Id guess that the reason you dont have problems with your city water are, either your city has very clean water. Ive heard of some city water having less than 100ppm. Which would work fine! But another though that comes to mind when you water a bog. Theirs more area for any "hardness" from the water to dissipate too and what ever rains you get leach them out too. But in a small container Those nasties are bound to build up, thats why pure water is recommended for smaller containers. 
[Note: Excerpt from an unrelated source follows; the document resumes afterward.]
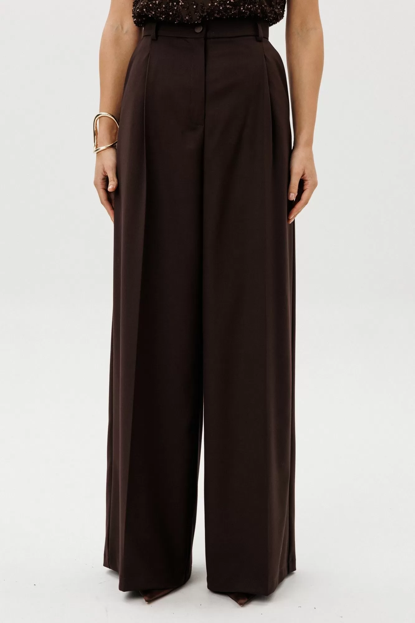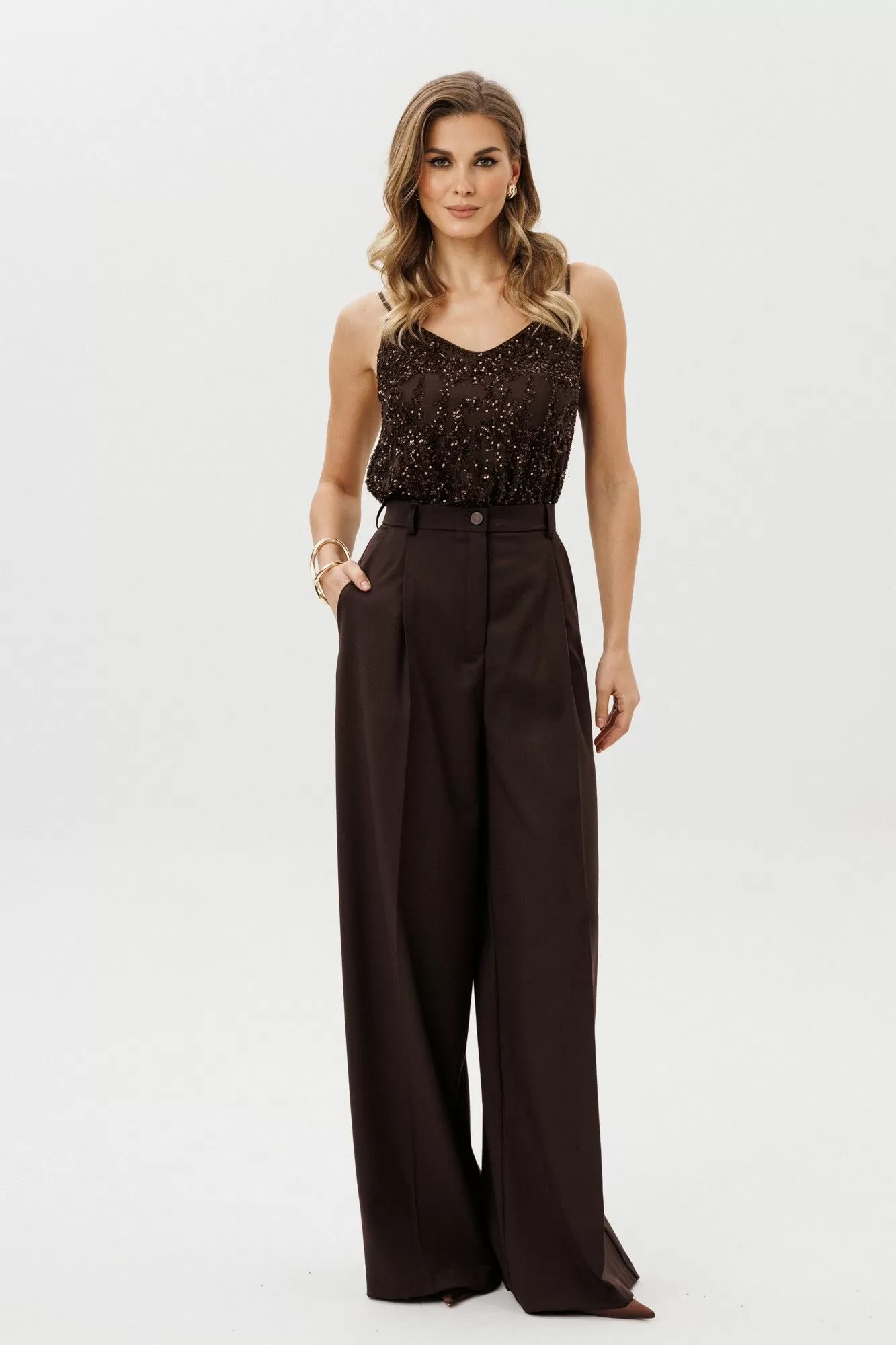 Брюки-палаццо выполнены из плательно-костюмной ткани. Брюки на притачном поясе, длиной в пол, расширенные к низу. Спереди складки и боковые карманы с наклонным входом. Застежка спереди на молнию с гульфиком и пуговицу. На задних частях обработаны талиевые вытачки.

When I potted my large plants i would use 3-4 6" pots in a long window potter, and would just eye ball the water with that. It worked great for retaining humidity around younger plants. I never had problems with this set up. I had a few S. psittacina and S. minor in that same style set up, with a bit more water; The two species are notorious for being picky growers. I would collect rain water and use Water from Walmart on occasion! They sound difficult but once you figure one out, odds are you can grow allot of other ones.


----------



## Tarac (Nov 27, 2012)

Yes, small containers are more likely to have problems without more frequent flushing- the key is that they do have to be flushed.  We don't have problems here because before anything can build up to that level (assuming a moderately sized outdoor bog- say the size of half a whiskey barrel) it rains.  If you have a closed bottom container, sure you will have problems and the rate at which they occur is sped up in smaller volumes, just like water issues in fish tanks and so on.  Smaller systems are always more difficult in this regard.  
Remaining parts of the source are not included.